Converse argues that because the bonus structure is based on quarterly earnings, the entire bonus should be considered a "percentage of total earnings" bonus. In contrast, Chavez argues that Converse's bonus formula includes more than just quarterly earnings, so it should be broken down into the component elements. Dkt. No. 58 at 13. Chavez argues that the merit developmental lump sum awards must be included in the regular rate of pay. Id. Converse replies that its merit awards are given at the sole discretion of the employer. Stuckey Decl. ¶ 3. In addition, Converse argues that Chavez never actually received a merit award. Stuckey Decl. ¶ 4.
Chavez did not depose Jessica Stuckey, Converse's declarant establishing that the merit awards are discretionary and that Chavez did not receive a merit award. Chavez states that he has not had adequate opportunity to receive discovery on the question of whether he received a merit award. In support of his argument that further fact finding is necessary, Chavez includes personal wage statements and pay stubs which establish that he earned a quarterly bonus. Dkt. No. 63 at Exhs. A, B. These wage statements and pay stubs demonstrate that Chavez received a bonus but that it is not possible to determine what type of bonus he received. Id.
Additionally, Chavez argues for the first time in his supplemental brief that a quarterly bonus based on paid-time off benefits must be included in the regular rate of pay. Dkt. No. 63 at 4. The Court disregards this argument because it was not raised in the initial briefing and Converse's formula does not appear to include paid-time off benefits. Arevalo Decl. ¶¶ 3,5, Exh. A-C.
As to the parties' initial request that the Court resolve as a matter of law whether Converse's bonus plan is lawful, the Court finds that Converse may provide bonuses based on a percentage of total earnings and fully discretionary merit awards without recalculating the regular rate of pay.
Furthermore, the Court finds that Jessica Stuckey's declaration establishes under penalty of perjury that Chavez did not receive any other type of bonus.

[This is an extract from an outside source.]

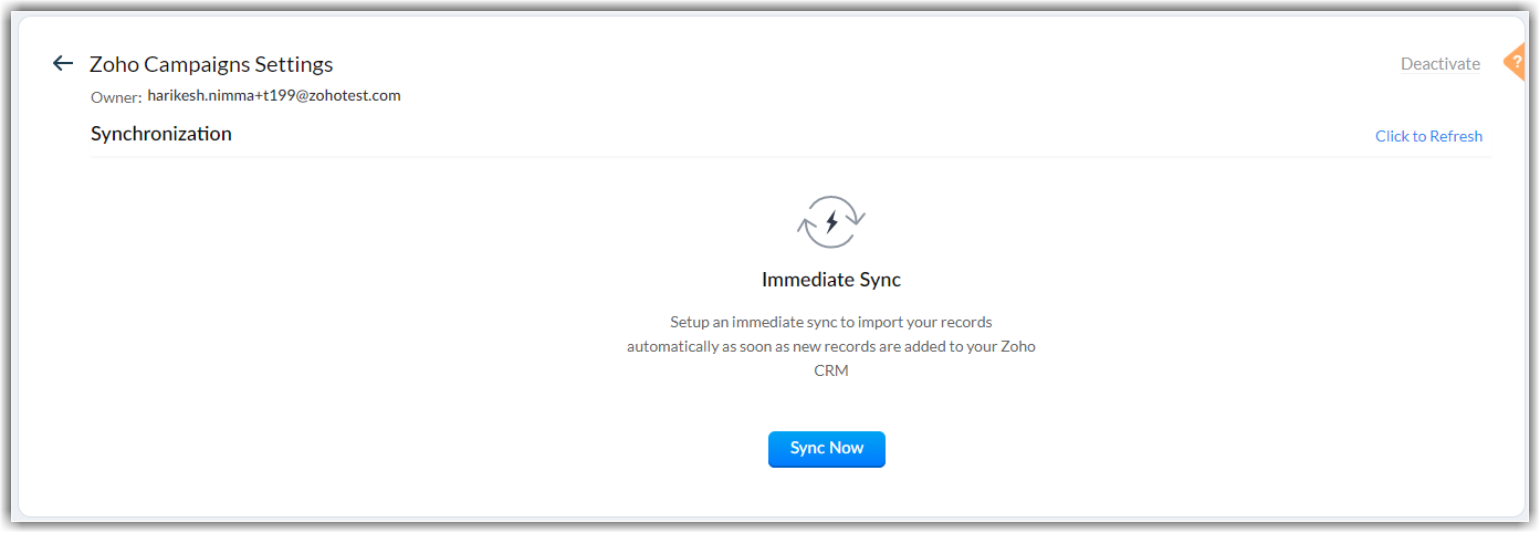 Vei fi redirecționat către pagina Zoho Campaigns pentru sincronizare.

The Court permitted Chavez to request a deposition of Stuckey and to explain why it had not sought to depose her earlier. Dkt. No. 62. In response, Chavez did not provide any justification for failing to seek these facts earlier. As such, Chavez has not established material facts to rebut Converse's evidence and arguments that Chavez did not receive a bonus other than the lawful percentage of total earnings and fully discretionary merit award bonus. Chavez has also not established facts to suggest that Converse's merit award bonus is not discretionary. The motion for partial summary judgment is GRANTED.
Additionally, Converse moves for partial summary judgment on claim 5 (California Labor Code § 266(a)), claim 6 (penalties pursuant to the Private Attorneys General Act of 2004), and claim 7 (violation of California Business and Professions Code § 17200). Converse seeks partial summary judgment on these claims, in as much as they are premised on Chavez's theory that Converse failed to pay adequate overtime wages. The Court GRANTS the motion.
III. CONCLUSION
The Court GRANTS Converse's motion for partial summary judgment as to claim 2 in its entirety. The Court also GRANTS Converse's motion for partial summary judgment as to claims 5, 6, and 7 to the extent the claims arise from the failure to pay overtime wages as a result of the miscalculation of Chavez's regular rate of pay.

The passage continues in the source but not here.